Hektik und Stress auf der Baustelle nannten auch Arbeiter einer Großbaustelle in Essen als möglichen Grund für den Unfall in Grevenbroich, die von Fernsehteams nach Ihrer Meinung dazu befragt wurden.

Reporter der Fernsehnachrichtensendung WDR aktuell besuchten und interviewten einen der verletzten Bauarbeiter im Krankenhaus in Dormagen. Jan Kubanda, 38 Jahre alt, arbeitete als Vorarbeiter auf dem Gerüst, als der Unfall geschah. Er erlitt schwere Prellungen vom Kopf bis zu den Füßen und berichtet, dass er in seinem Sicherungsseil in etwa 100 Meter Höhe hängen geblieben war. Er sagte, dass er zu dem Zeitpunkt des Unglücks eigentlich längst zu Hause bei seiner Frau und seinen drei Kindern in der Slowakei hätte sein wollen. Er blieb aber länger auf der Baustelle, weil sich gewisse Probleme ergeben hatten und er helfen wollte, diese zu lösen.

Er hofft, dass er bald zu seiner Familie zurückkehren kann. Das Schlimmste seien nicht die körperlichen Verletzungen, sondern dass in seinem Kopf ständig der Film über die schrecklichen Geschehnisse, die drei seiner Kollegen das Leben kosteten, abliefe.

Ein weiteres Indiz dafür, dass die Sicherheitsvorschriften auf der Baustelle möglicherweise nicht ganz so ernst genommen werden, ist die Tatsache, dass es am 3. September dieses Jahres bereits zu einem tödlichen Arbeitsunfall auf der Baustelle kam.
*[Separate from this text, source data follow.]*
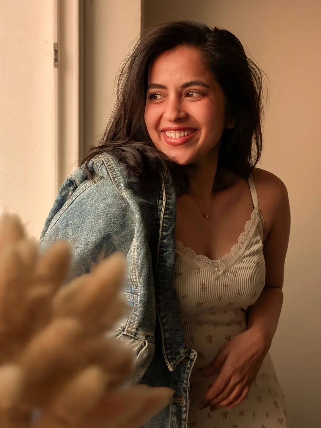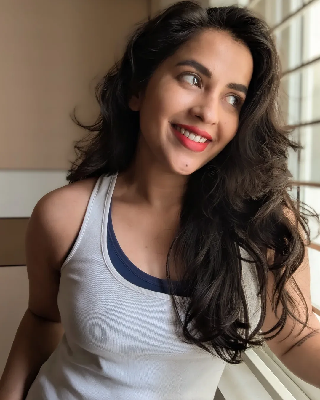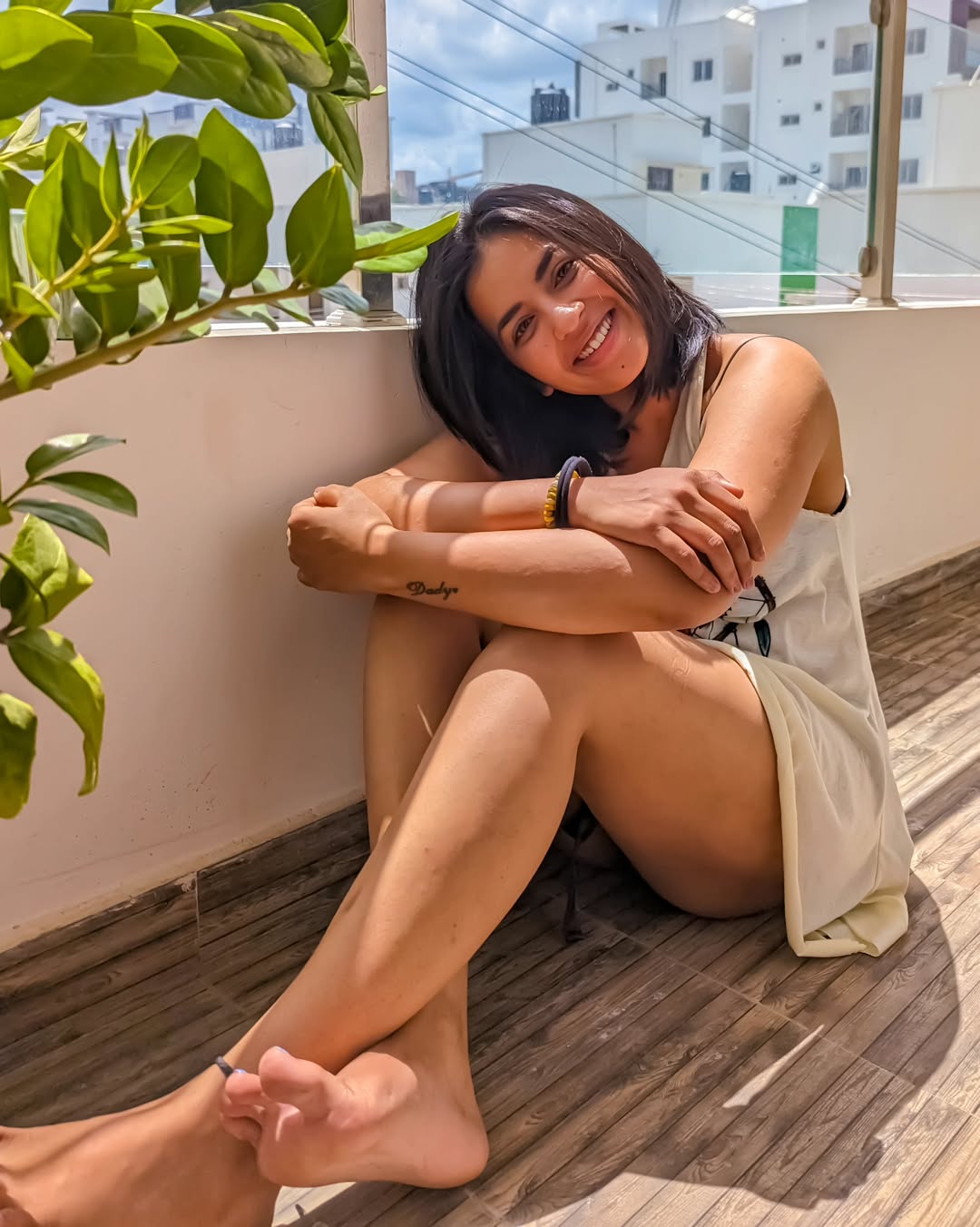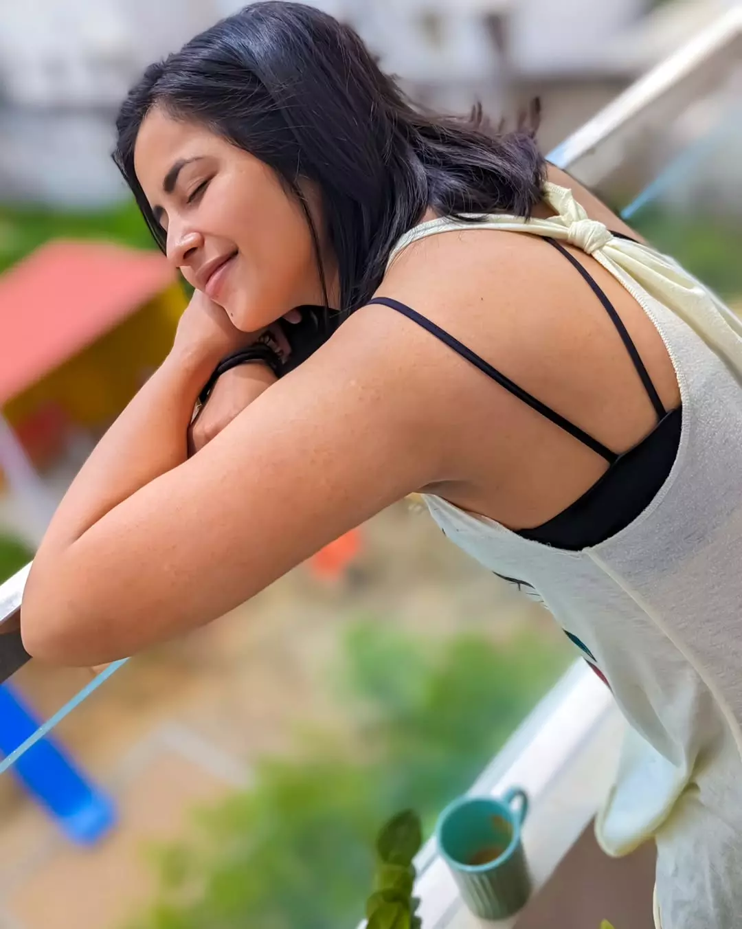 Her effortless smile and flowing hair add a lively charm to the frame, making the picture feel candid and full of warmth. Leaning casually against the railing, she exudes confidence and positivity. The minimal styling enhances her natural beauty, letting her expressive eyes and cheerful aura take center stage.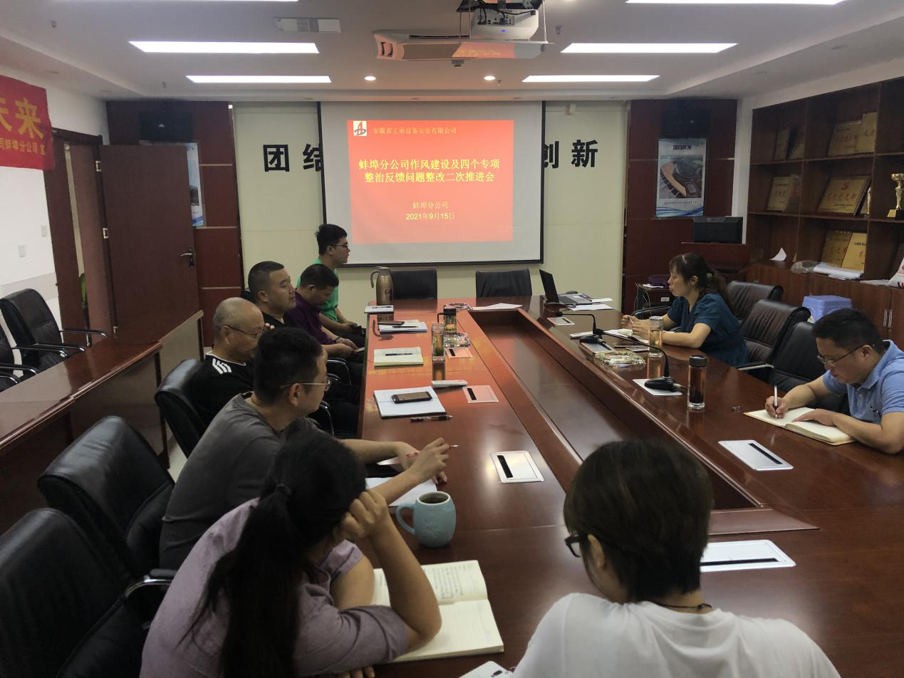 9月15日上午,蚌埠分公司黨支部召開“作風(fēng)建設(shè)及四個專項整治反饋問題整改二次推進會”。分公司支委委員、班子成員、工管部、財務(wù)部、經(jīng)營部、綜合辦等相關(guān)部門負責(zé)人、具辦人員參加會議,會議由黨支部書記程茂麗主持。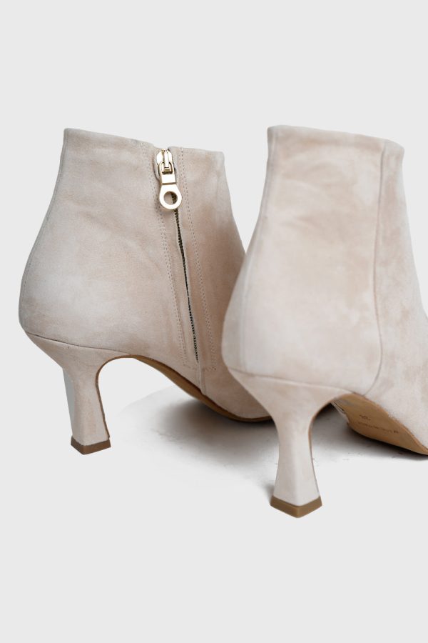 Beige, spitze Stiefelette aus weichem Veloursleder.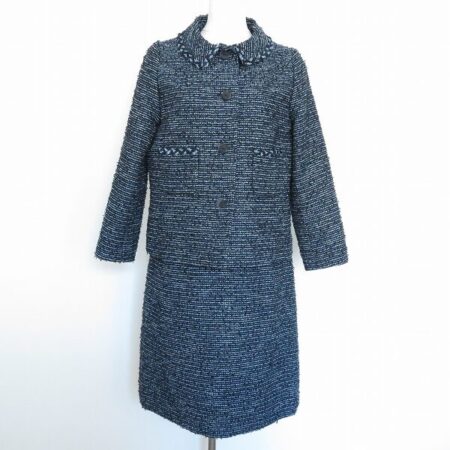 落ち着いたツイード具合が素敵なハナエモリのスカートスーツ。宅配買取ご利用のお客様より買取しました。サイズは38号です。どんなカラーも落ち着かせてくれるネイビーベースがありがたいですね。襟が丸く可愛いです。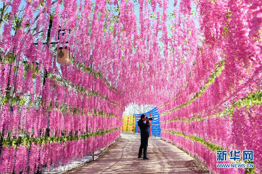 1月13日,在蓟州区穿芳峪镇小穿芳峪村,游客在用人造花布置的迎春走廊内拍照。春节临近,有“天津后花园”之称的天津市蓟州区着力打造以冰雪、节庆为主题的文化旅游活动,吸引各地游客前来体验。新华社记者 马平 摄

Ein 51jähriger Arbeiter stürzte von einem Gerüst zehn Meter in die Tiefe und zog sich dabei tödliche Verletzungen zu.

Die Aufschrift auf dem Schild an der Baustelleneinfahrt mit dem Spruch "Wir möchten, dass Sie gesund wieder nach Hause kommen", muss vielen Arbeitern inzwischen als blanker Zynismus erscheinen.